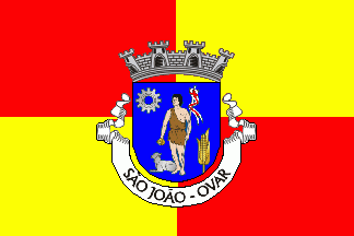 Shield Azure, St. John the Baptist proper, dressed in furs, holding a labarum with (white flag divided by red Latin cross in his left hand and a scallop Or in his right hand; at his feet a lamb couchant Argent, in sinister base a corn cob Or leaved of the same, in dexter chief a cogwheel Argent. Mural crown Argent with four visible towers (town rank) and white scroll with inscription in black initials: "SÃO JOÃO - OVAR".
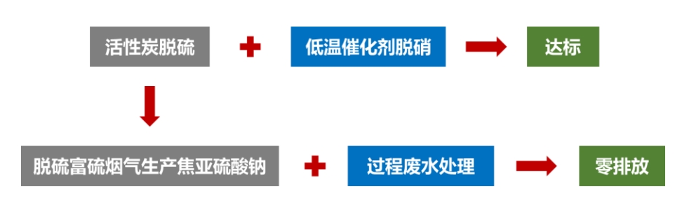 该方案充分利用了活性炭脱硫效率高并且具有多种污染物协同治理的优势,以及SCR脱硝效率高的优势,在保证系统可以稳定实现超低排放的同时,在一定程度上实现了资源化利用。此外,这一套系统还实现了零固废/废水排放。
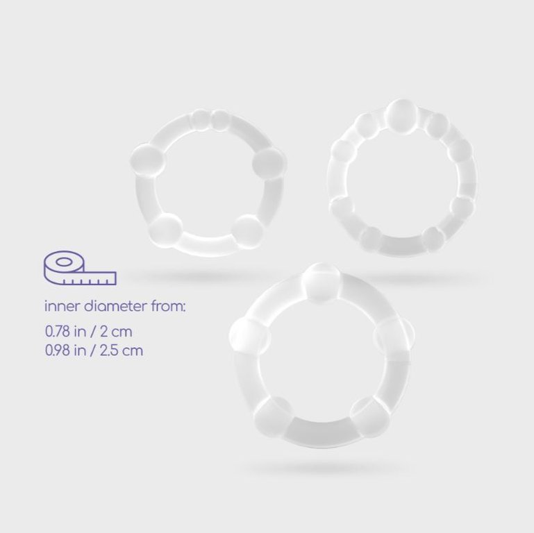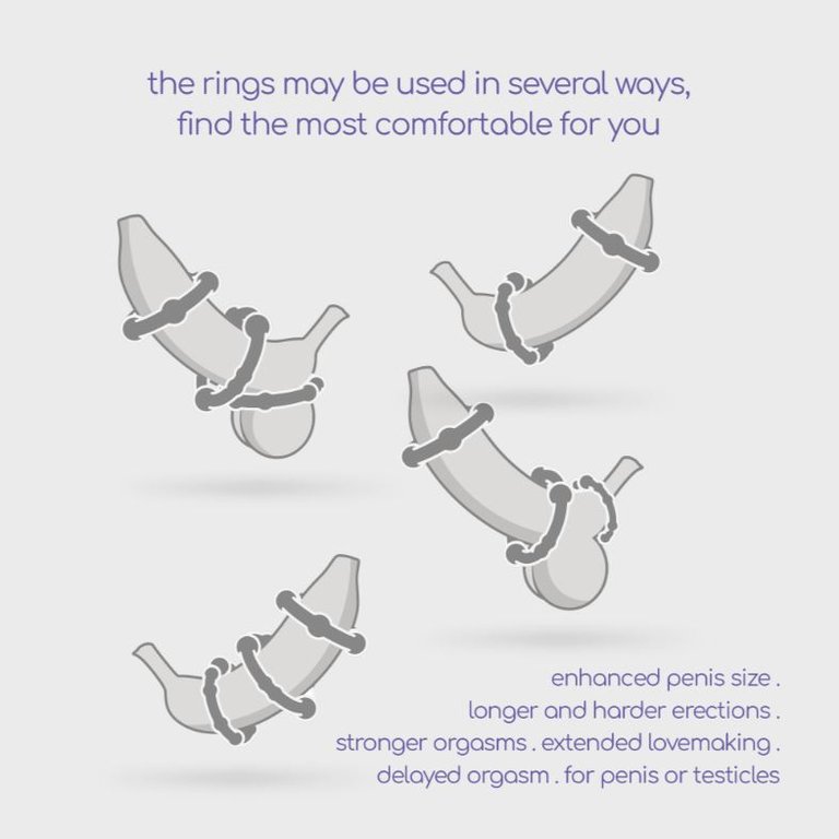 Renkailla voit tehostaa erektiota, nautintoa ja kestoa. Niin ainakin minusta vaikuttaa aika ilmiselvästi siltä että tässä ei paljoa menetä. Kolme nystyröityä rengasta lähtee tämän laatikon kanssa mukaan ja vain mielikuvitus on rajana mitä niillä saat aikaan. Tietenkin näidenkin kanssa pitää olla järki mukana eli ÄLÄ käytä renkaita koko ajan tai kovin pitkään.

━━━━━━

- What is needed
Where the line containing "该方案充分利用了活性炭脱硫效" appears, begin writing out the lines word for word, and continue through the last line of the data, leaving out pictures.

- Your solution
 该方案充分利用了活性炭脱硫效率高并且具有多种污染物协同治理的优势,以及SCR脱硝效率高的优势,在保证系统可以稳定实现超低排放的同时,在一定程度上实现了资源化利用。此外,这一套系统还实现了零固废/废水排放。
 Renkailla voit tehostaa erektiota, nautintoa ja kestoa. Niin ainakin minusta vaikuttaa aika ilmiselvästi siltä että tässä ei paljoa menetä. Kolme nystyröityä rengasta lähtee tämän laatikon kanssa mukaan ja vain mielikuvitus on rajana mitä niillä saat aikaan. Tietenkin näidenkin kanssa pitää olla järki mukana eli ÄLÄ käytä renkaita koko ajan tai kovin pitkään.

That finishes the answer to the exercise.